The following article by RYAN Associates’ National Conference keynote speaker Dr. Linda Hawes Clever is reprinted with permission.
By Linda Hawes Clever, M.D.
Greetings from a kindred spirit! You, dear reader in 2055, your colleagues, family, friends, and neighbors are, I hope, so familiar with the services and programs of RENEW that you take them for granted. In the late 20th century, however, RENEW was only a seed. It began as a not-for-profit enterprise to help people sustain or regain their enthusiasm, effectiveness, and purpose by giving them the wherewithal to renew themselves and their relationships, organizations, and professions.
If in 2055 you do take RENEW’s services and programs for granted you may find it hard to understand why its formative years were so difficult. In those days, many doctors were reluctant to acknowledge the personal challenges of our profession and were uneasy about trying something new. Fortunately, we pressed on. Why?
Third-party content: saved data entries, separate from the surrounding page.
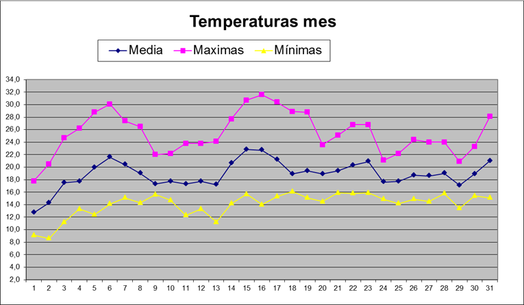 | Media del mes: | 18,8 | 19,54 | -0,74 | ||||||||||||||||
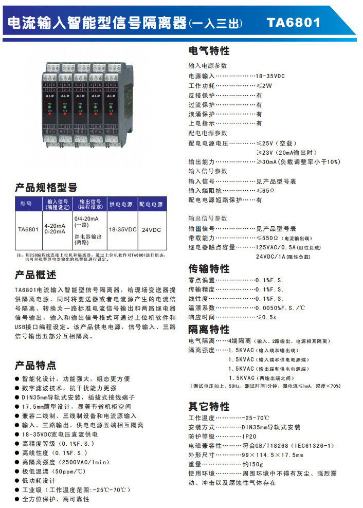 TA6801,電流輸入智能型信號(hào)隔離器(一入三出)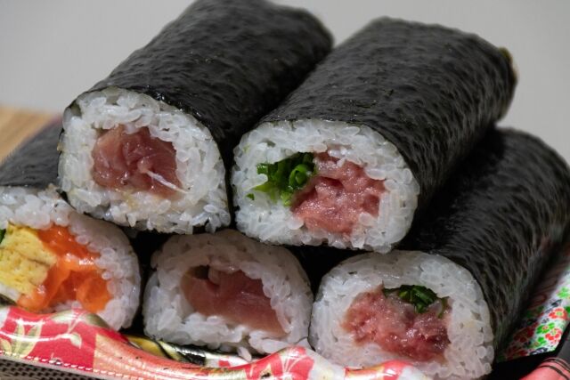いつも海鮮の刺身の恵方巻と、お肉の恵方巻の2種類で作ってる。お米はふるさと納税とかで毎月届くようにしてるんで、米でお腹いっぱいにしてもらおうかなと。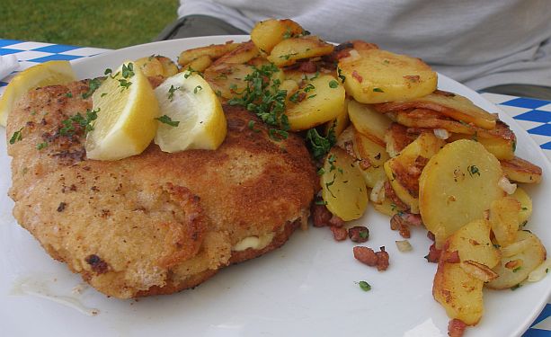 Peter hat ein 5 cm dickes Cordon Bleu und ca. 1 Pfund Bratkartoffeln

In the 20th century last decade, times were tough for physicians, other health professionals, and their patients in the United States. Costs were high; opportunities for listening, learning, and teaching were scant; relationships were topsy-turvy, with internet-empowered patients firing questions and making demands. It was difficult for practitioners or professors to gain satisfaction, much less pleasure or even joy, from their lives and work. Many worried that they were shortchanging their families, friends, and communities. Some became convinced that their own health suffered as professional pressures robbed them of the time and energy to do the things they counseled their patients to do – exercise, read, write, play the zither, socialize, and learn something.
This was close to home – even my own home, because my husband and daughter are physicians. And I decided to try to help.
Colleagues and I launched RENEW first to offer health professionals services and programs that would help us cope with the turbulence and competing imperatives of our commitments. Our inspiration was John W. Gardner, Ph.D., a statesman-scholar who understood the unhappy consequences of unrelenting strain and inspired many with his books and speeches about renewal. John wrote, “The release of human possibilities within an ethical and moral framework [is] crucial to the flourishing of any society.” My colleagues and I concluded that flourishing should be the goal. Flourishing is central to the sound practice of medicine: when health professionals overlook family and personal needs, they can become cynical, exhausted, hard on themselves, and hard on others.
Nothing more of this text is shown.